Applying Wasserstein (Earth Mover) distance to the project

[Neltherion]

Hi...

I was wondering if adding Wasserstein distance to the code would help the GAN to stabilize and give better results... from what I've read, it has really nice properties and implementing it shouldn't be a problem since it only needs a couple of changes (described here). here's the link to the Github page of the paper : https://github.com/martinarjovsky/WassersteinGAN

I tried implementing it in Pix2Pix but it seems the whole network just ignores the new Wasserstein distance and only focuses on the MSE L2 loss thus giving averaged useless outputs... I'm pretty sure the problem lies in my implementation (as always!).

[yenchenlin]

Yes, I think Wasserstein distance would help! Do you wanna make a PR?

[Neltherion]

But my code is now vastly different than the master code... I downloaded it and renamed/changed/removed nearly every part of the code...

if you want I can paste the changes (according to the guide) here as they should be less than 10 lines of changes in code...

[Fuckmi]

When I replace it with Wassertstein distance, the result will become worse... I wonder if it is because of the clipping parameter, I just set is -0.05 and 0.05 as WGAN paper said. My d_loss is very big, even more than 80.

[Neltherion]

Exactly! Wasserstein seems to not work properly with Conditional GANs... I've seen this behavior also when using L2 Loss (LSGAN).

[nightrome]

Interesting. Could you make a PR to discuss your implementation?

[Neltherion]

I'm sorry but I'm no longer using this repository... I tested Wasserstein (and LSGAN) on it using this guide (and this one) but then moved on to the AffineLayer implementation... I no longer have the code for this repository...
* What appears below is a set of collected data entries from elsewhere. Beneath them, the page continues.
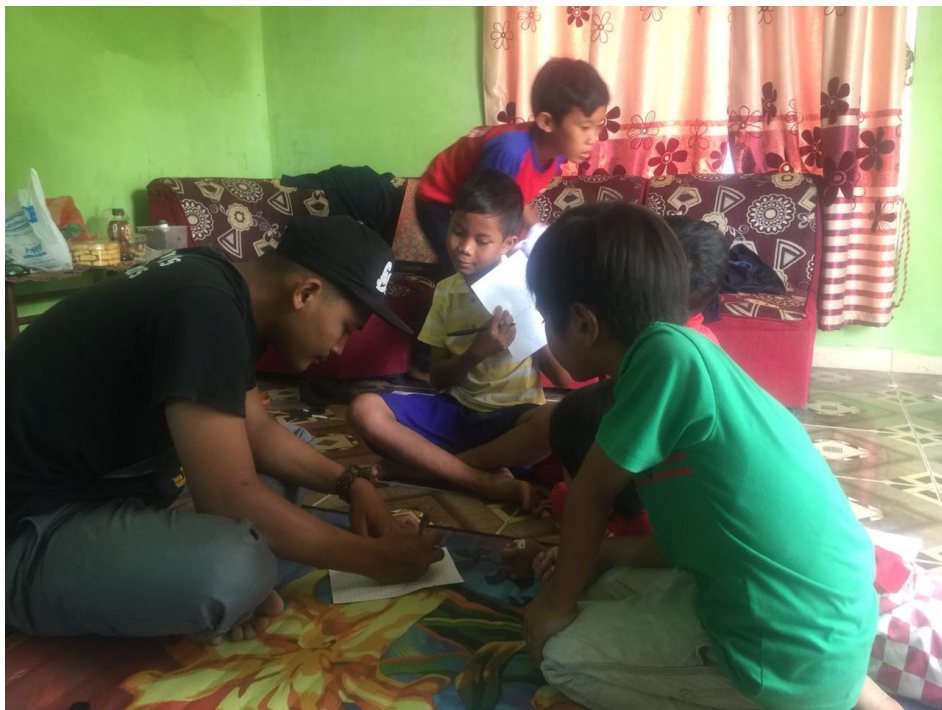
(Melakukan Pendampingan Belajar)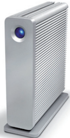
LaCie d2 Quadra USB 3.0 3To Rapide et fiable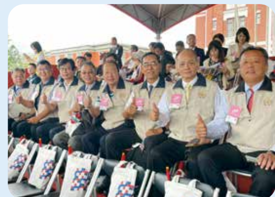
在總統府前觀禮的8位榮民楷模，齊祝中華民國生日快樂。

變遷的兩岸及國際情勢中，政府傾全力發展經濟、厚實國力、照顧人民、確保國家安全、穩定兩岸情勢，並且爭取國際支持。經過全體國人七年多努力打拚，臺灣的經濟展現強大的韌性，更成為驅動全球供應鏈重組的關鍵力量，中華民國的國力變強了！ 十點整，府前廣場響起一年一度最動人的國歌頌唱，由國立馬公高中合唱團四十九位學生，與左營軍港的國艦國造玉山軍艦一〇八位官兵齊唱，並與陸戰隊AAV7兩棲突擊車五輛現場連線，以「V」字隊形，與「舉國同歡」方式呈現官兵勤訓精練形象，並於大會主題視訊牆播放駐地官兵代表共同演唱國歌畫面，展現軍民同胞團結一心的情懷。同時，由陸軍CH47SD運輸直升機吊掛巨幅國旗，由兩架UH-60M黑鷹直升機引導及跟隨，通過總統府前上空，以凌空飄揚的國旗，為國家慶典增添光輝，並鼓舞軍民士氣及凝聚向心力。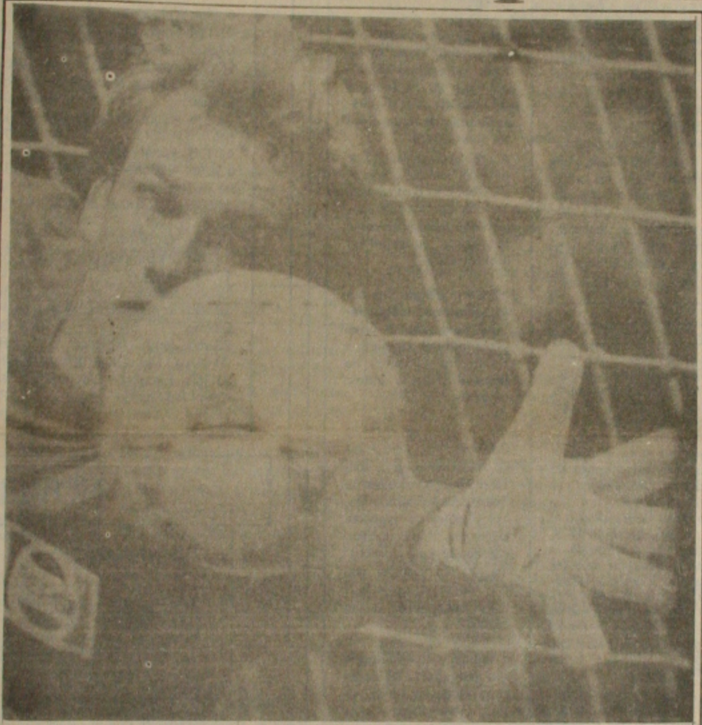
Taffarel foi seguro e reabilitou-se da partida contra a Argentina.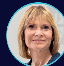
Lluïsa Moret Presidenta, Diputació de Barcelona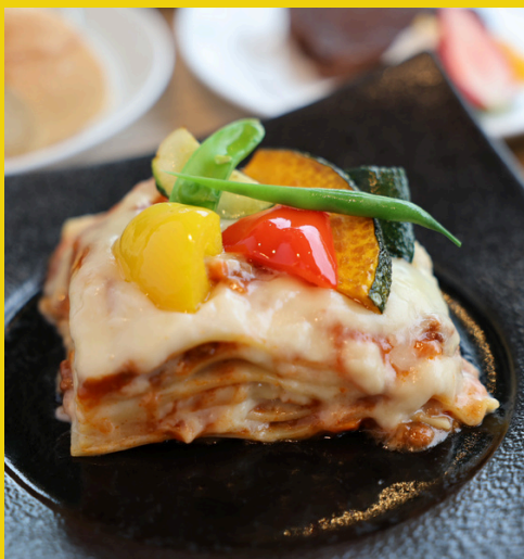
夏野菜のミートラザーニア (1日 限定12食)

早い者勝ち！見た目も綺麗なシェフ特製のとろーり熱々でジューシーなミートラザーニアです。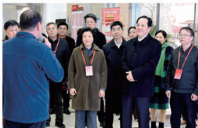
2019年12月17日，市人大常委会组织部分市人大常委会委员、代表视察我市文化场馆和基础建设情况。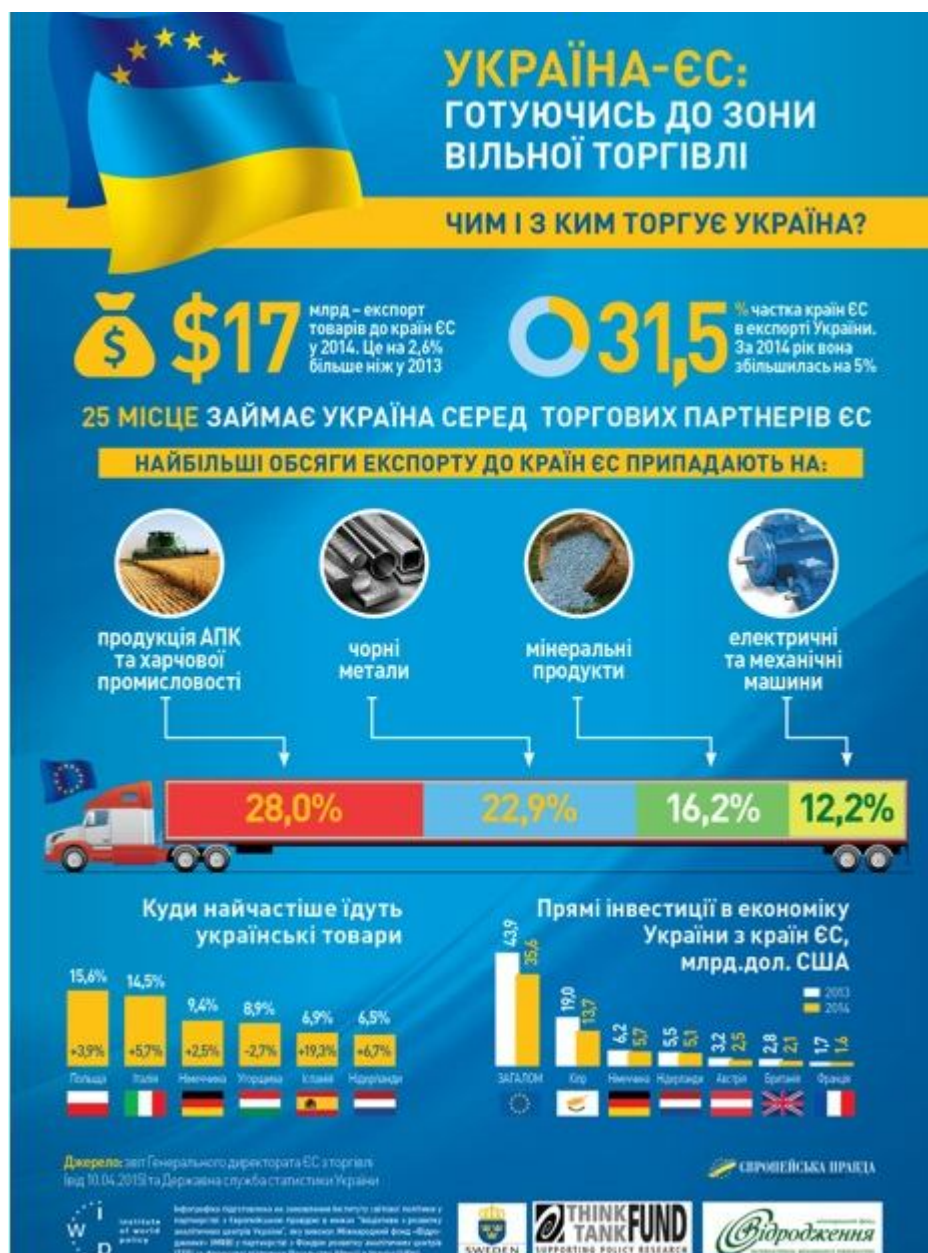
Рис. А.2. Інфографіка «Україна-ЄС: готуючись до зони вільної торгівлі», опублікована на сайті «Institute of World Policy» (iwp.org.ua) 28.06.2015 р.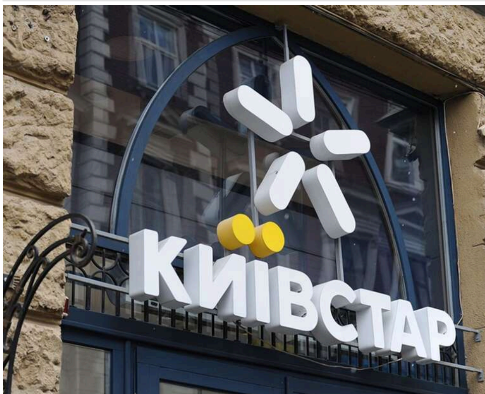
Натиснула «1» і стала боржником: суд зобов'язав киянку виплатити кредит, який оформили шахраї через eSIM

Жінка втратила контроль над своїм номером Київстар після його злomu. Згодом з'ясувалося, що шахраї оформили eSIM і використали SMS-код для підписання кредитного договору на 10 тисяч гривень. Тепер з неї вимагають стягнення цієї суми.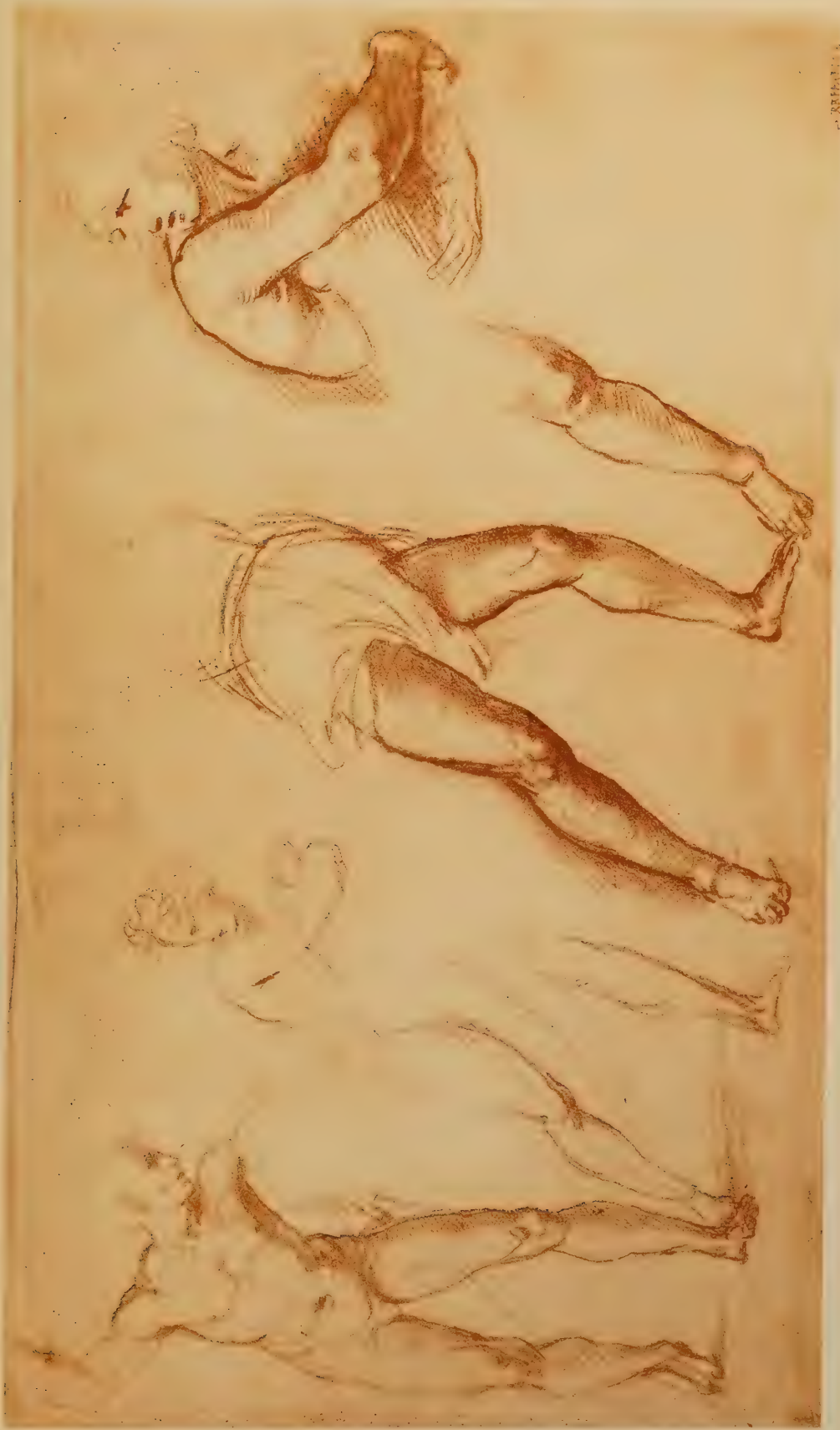
Dessin pour le Massacre des Innocents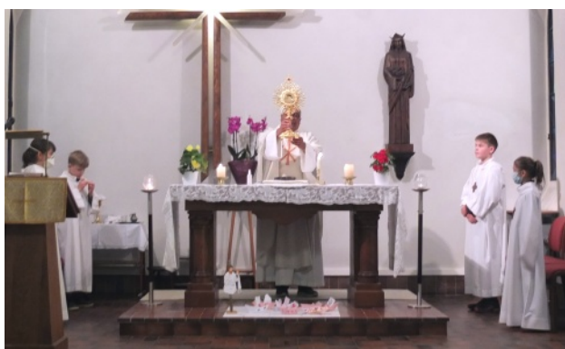
Nous avons pu contempler l'Ostensoir de notre Communauté, très peu utilisé.

En raison des mesures sanitaires à respecter, il a fallu, pour chaque cérémonie, trouver des bonnes volontés: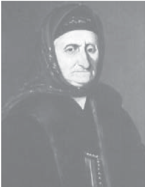
Портрет Јелене Карађорђевић, Јован Поповић

Црни Ђорђе би се расположио када би попио, али је будући неумерен у пићу, тада постајао свадљив и opak. Руски посланик, Родофиникин који је такође био склон пићу, увидео је да Вожд не подноси алкохол баш најбоље и заносио се мишљу да га одвикне од ракије. Покушао је код њега да створи навику пијења чаја и послао му је уз чај упутство како се напитак припрема и уз то још и рума. Баш када се Вожд привикао на чај, понестало је рума и он се поново приволео ракији. 292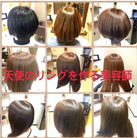
天使のリングを作る美容師

皆さん、髪を乾かす前に、髪をといてから乾かしていますか？ 洗い流さないトリートメントをつけて、くしでといてから乾かすだけで、仕上がりがものすごく変わります♪ くしでとくことで、トリートメントが均一に馴染み、ドライヤーの風も均一に当たるようになるので、ツヤ、まとまり、そして早く乾きます★是非ためしてみてください(^^)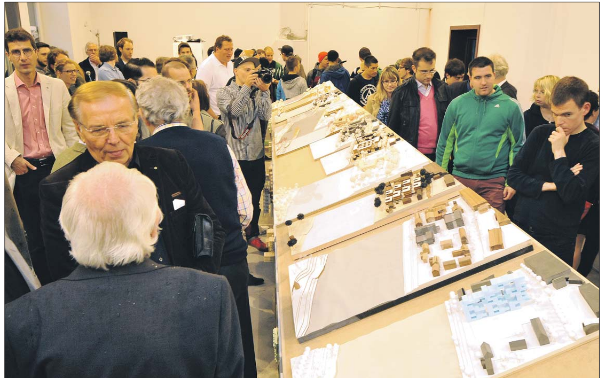
Schräglage. Um den zahlreichen Besuchern im Posthof das Betrachten und Vergleichen der Studentenmodelle zu erleichtern, haben die Ausstellungsmacher sie auf schräg gestellten Pulten befestigt.

Vor der Entwurfsphase für die künftige Bebauung nahmen die Studenten eine Bestandsaufnahme in Angriff. Das „Field Mapping“ widmete sich den Verkehrs- und Sozialstrukturen des Geländes sowie seines Umfelds in der Beziehung zur Innenstadt, aber auch dem Night Life und der Versorgungsinfrastruktur. Die Gestaltungsvisionen für das Gelände mussten sich an drei Vorgaben und Herausforderungen messen lassen: optimale Orientierung für möglichst alle Wohneinheiten, Individualisierung versus Gemeinschaftsbildung sowie eine „maxi-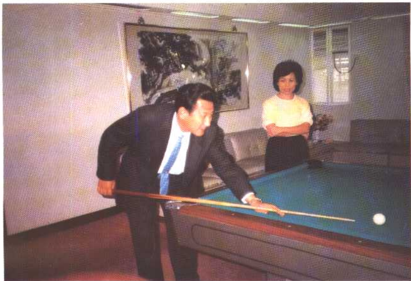
1990年北京市副市长张百发于作者寓所

But implementing it is pretty straightforward and requires just a couple of changes...

[Fuckmi]

I have changed the linear connect layer in the discriminate layer, and modify the filter size from 5x5 to 4x4, the result become much better, almost the same with AffineLayer implementation. @Neltherion But I hope to know why the conditional LSGAN or conditional WGAN not work well?

[Neltherion]

I've been looking in the web for someone else who may have implemented a conditional LSGAN or WGAN to check if I've made mistakes with my own implementation but nevertheless I haven't found one yet... could you please also change your code to use Wasserstein or L2 loss and see if it would produce useful results? I've tested my outputs in colorizing scenarios but the output after 2 days of training is pure garbage!

[yanji84]

@Neltherion did you use adam or rmsprop, the original wgan paper uses rmsprop with smaller than usual learning rate

[Neltherion]

I used Adam...

[yanji84]

these are from the paper to apply wgan properly

1. remove sigmoid from D output and log from loss function
2. clip weights of D to be from -0.01 to 0.01 ( note, clip the weights, not the gradients )
3. train D a couple more times than G ( paper suggests 5:1 ratio )
4. use RMSProp, not adam with a suggested learning rate of 0.00005

[Neltherion]

I did all of the above except for using RMSProp... If I get the time, I'll try doing it again with RMSProp...

[Skylion007]

Not using RMSProp will likely cause your discriminator to collapse at some point. The gradients appear to get very stale after a while and ADAM will at some point likely overshoot the minima and lead to massive fluctuation in discriminator loss.

[rafaelvalle]

FYI: Conditional WGAN

[fengxin619]

@Fuckmi Could u tell me that how did you change the linear connect layer in the discriminate layer???

[32nguyen]

I found something that is not quite clear. Let take example on facades data: with the function: def load_image(image_path): input_img = imread(image_path) w = int(input_img.shape[1]) w2 = int(w/2) img_A = input_img[:, 0:w2] img_B = input_img[:, w2:w] return img_A, img_B

Then they are concatenated in order AB by: img_AB = np.concatenate((img_A, img_B), axis=2)

so the model is about generating the realistic image from A to B (left to right in the image.). However, in "build_model(self)", A and B is flipped to each other by:

self.real_B = self.real_data[:, :, :, :self.input_c_dim] self.real_A = self.real_data[:, :, :, self.input_c_dim:self.input_c_dim + self.output_c_dim]

My understanding is real_B is now the input imageA. So the calculation of "tf.reduce_mean(tf.abs(self.real_B - self.fake_B))" does not make any sense.

Bests,